12 October, 2012 at 7:57 am

MartinNew amazing prime numbers spiral: http://www.youtube.com/watch?v=Dfar_AZub4Y

12 October, 2012 at 3:16 pm

James TomsonBeal Fermat and Pythagora’s Triplets http://www.coolissues.com/mathematics/BealFermatPythagorasTriplets.htm

14 October, 2012 at 5:43 pm

The Chowla conjecture and the Sarnak conjecture « What’s new[…] the amount that an analogous random sum would provide; cf. the probabilistic heuristic discussed in this recent blog post.

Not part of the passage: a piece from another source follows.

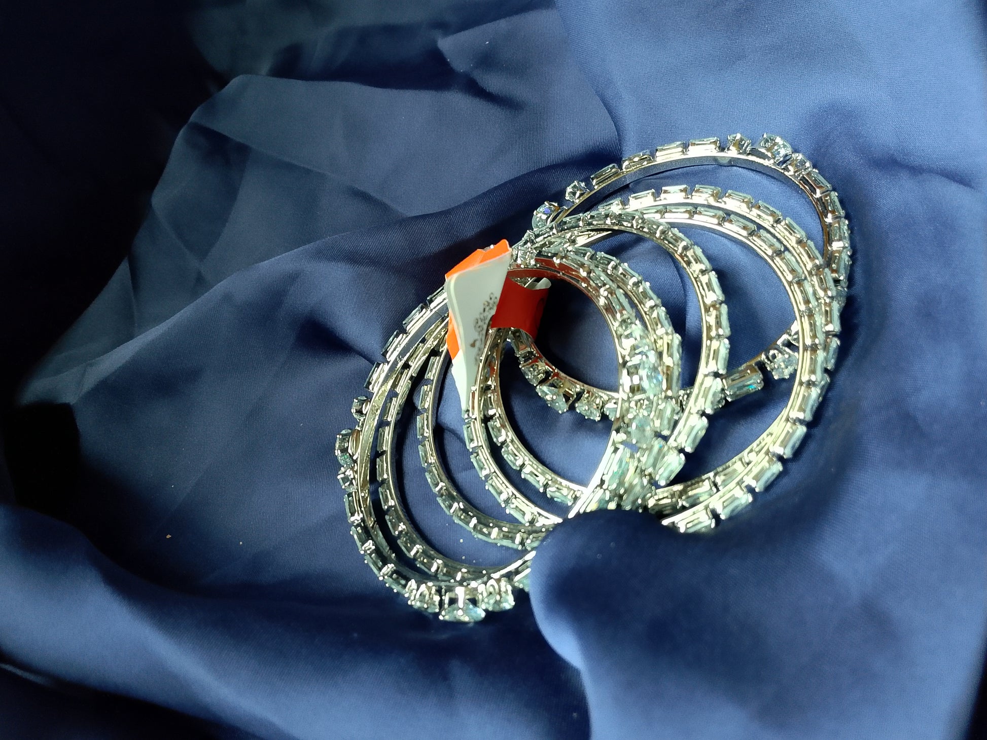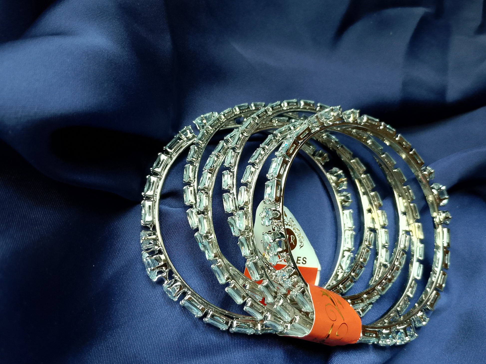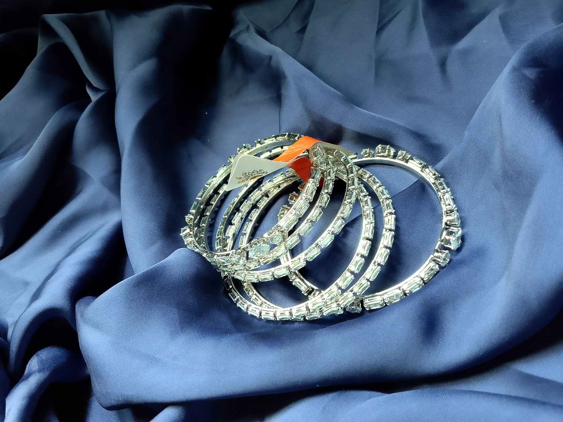 This dazzling set combines vibrant turquoise stones with rows of brilliant clear crystals set in a rich gold tone. Designed to be worn together, these bangles offer an unforgettable, multi-layered sparkle. Effortlessly ReBrand your style for weddings and festive occasions.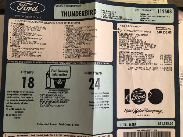 This vehicle was garage stored and has only 19,510 miles on the odometer. The owner retained the original window sticker and all service records for the vehicle, and will provide them to the new owner. Don't miss out on this rare opportunity to own this well maintained, low mileage 2003 Ford Thunderbird that shows like new.

There are a number of ways to make this heuristic precise. One of these is the following old […]

24 February, 2013 at 2:07 pm

John SalazarWhat’s the current status of Mochizuki’s proof? Does it look like it will fly or have gaps been found that cannot be patched?

12 June, 2013 at 6:08 am

AnonymousFor a list of all known abc triples with quality > 1.4 see:

http://www.math.leidenuniv.nl/~desmit/abc/index.php?set=2

23 April, 2015 at 8:56 am

observerProgress: https://www.maths.nottingham.ac.uk/personal/ibf/symcor.conf.html. What would be the consequences of a person of his pedigree to be wrong?

7 September, 2015 at 1:34 pm

Optimus PrimeWould be interested to see a Terry Tao update post on this theory given this post is from 2012 and the theory is still rumbling on.

29 November, 2015 at 11:21 am

ABC conjecture | fragments[…] A probabilistic heuristic justification for the ABC conjecture can be found at this blog post. […]

8 March, 2016 at 3:25 am

AnonymousIs there any classification of Diophantine equations which (at least in principle) can be solved by an effective version of the ABC conjecture?